MLB statistics (through 2021 season)
- Win–loss record: 0–1
- Earned run average: 8.22
- Strikeouts: 8
- Stats at Baseball Reference

Teams
- Los Angeles Dodgers (2021);

= Darien Núñez =

Cuban baseball player (born 1993)

Darien A. Núñez (born March 19, 1993) is a Cuban professional baseball pitcher who is a free agent. He has previously played in Major League Baseball (MLB) for the Los Angeles Dodgers. The Dodgers signed him as an international free agent in 2018, and made his MLB debut with them in 2021.

==Career==
===Cuban career===
Núñez pitched for the Cuban National team in the 2009 World Youth Baseball Championship and at the 2013 World Baseball Classic. Núñez pitched in the Cuban National Series from 2011 through 2015, with a 19–27 record and a 4.00 ERA. He requested his release in 2015 in order to legally play professional baseball. At the time of his release he was considered one of the three best pitchers in the Cuban league.

===Los Angeles Dodgers===
Núñez was signed by the Los Angeles Dodgers as an international free agent on April 16, 2018. In his professional debut season in 2018, he played in 21 games between the Dominican Summer League Dodgers, the AZL Dodgers, the rookie-level Ogden Raptors, and the Single-A Great Lakes Loons, and had a 2.23 ERA with 57 strikeouts in 36 1/3 innings. He spent most of 2019 with the High-A Rancho Cucamonga Quakes in the California League, pitching to a 1.75 ERA in 25 2/3 innings with 43 strikeouts. Núñez did not play in a game in 2020 due to the cancellation of the minor league season caused by the COVID-19 pandemic. He started the 2021 season with the Double-A Tulsa Drillers, but pitched only one game before a promotion to the Triple-A Oklahoma City Dodgers, where he posted a 2.79 ERA and led the team in strikeout rate (34.2 percent) through the beginning of July.
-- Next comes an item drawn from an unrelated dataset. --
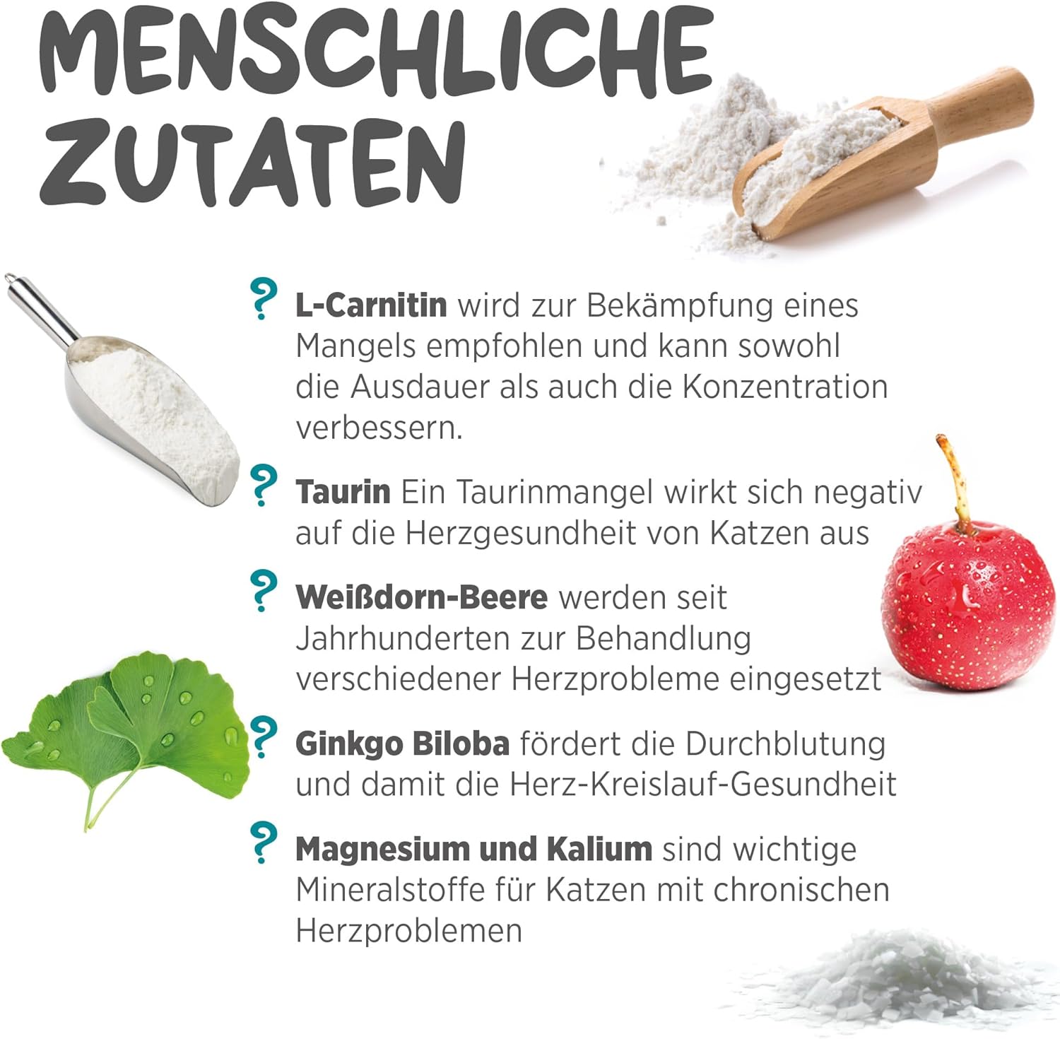 • НАТУРАЛНИ СЪСТАВКИ: L-карнитинът може да помогне за поддържане на издръжливостта и концентрацията; дефицитът на таурин може да повлияе на здравето на сърцето на вашия домашен любимец; глогът се препоръчва при сърдечни проблеми; гинко билоба може да подпомогне кръвообращението; магнезият и калият са полезни минерали за котки със сърдечни проблеми.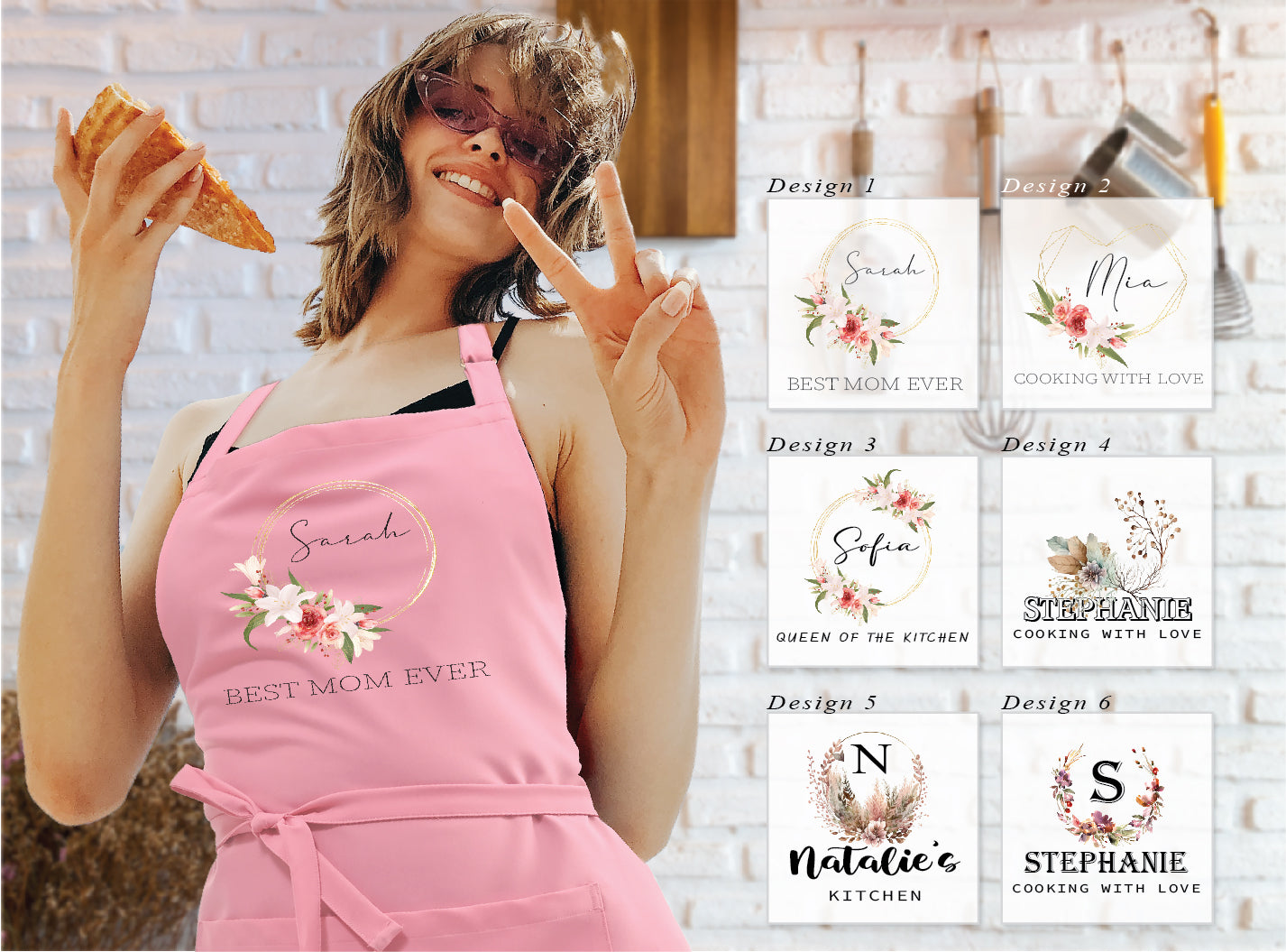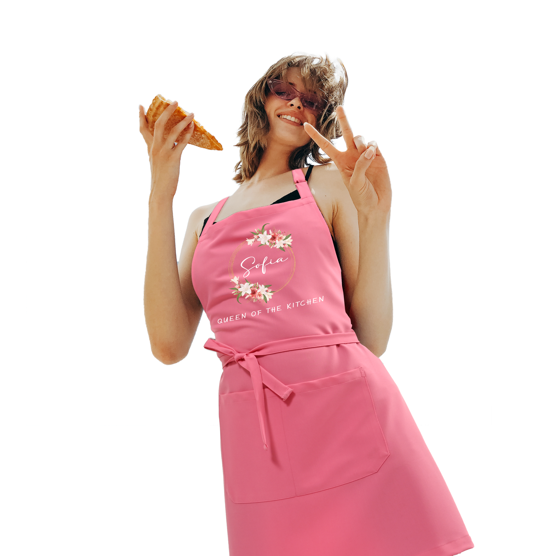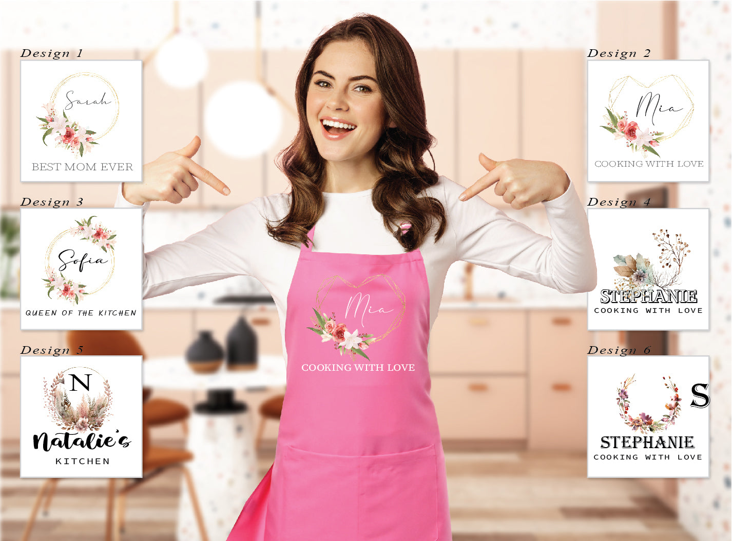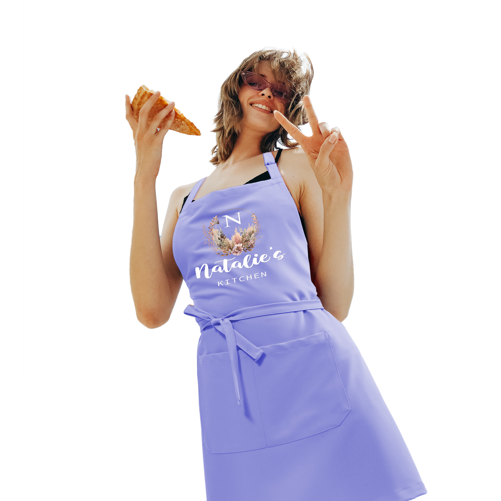 Stay stylish and protected while cooking with this floral design kitchen apron. This apron is customized with any name you choose, making it a personalized and thoughtful gift. With a comfortable and adjustable fit that is made for long wear, this apron is ideal for both professional chefs and at-home cooks.

On July 8, 2021, Núñez was selected to the 40-man roster and called up to the majors for the first time. He made his debut by pitching two innings against the Arizona Diamondbacks on July 9. He allowed two runs (one earned) on one hit (a home run by Eduardo Escobar) while striking out three. His first MLB strikeout was of Daulton Varsho. Núñez pitched 7 2/3 innings for the Dodgers in 2021 over six games (including one appearance as an opener). He was 0–1 with a 8.22 ERA (seven earned runs allowed) while striking out eight, with four walks. He spent the majority of the season with Oklahoma City, where he was 7–0 with a 2.38 ERA in 32 games.

Núñez was assigned to Oklahoma City to start the 2022 season, where he worked 4 2/3 innings in three games, allowing four runs on five hits. After his third appearance he was placed on the minor league injured list and it was announced that he would need to undergo Tommy John surgery, ending his season. The Dodgers designated him for assignment on April 24, removing him from the 40-man roster.

===San Francisco Giants===
On April 27, 2022, Núñez was claimed off waivers by the San Francisco Giants, but released a couple of days later on April 29. He re-signed with San Francisco on a minor league deal on May 4.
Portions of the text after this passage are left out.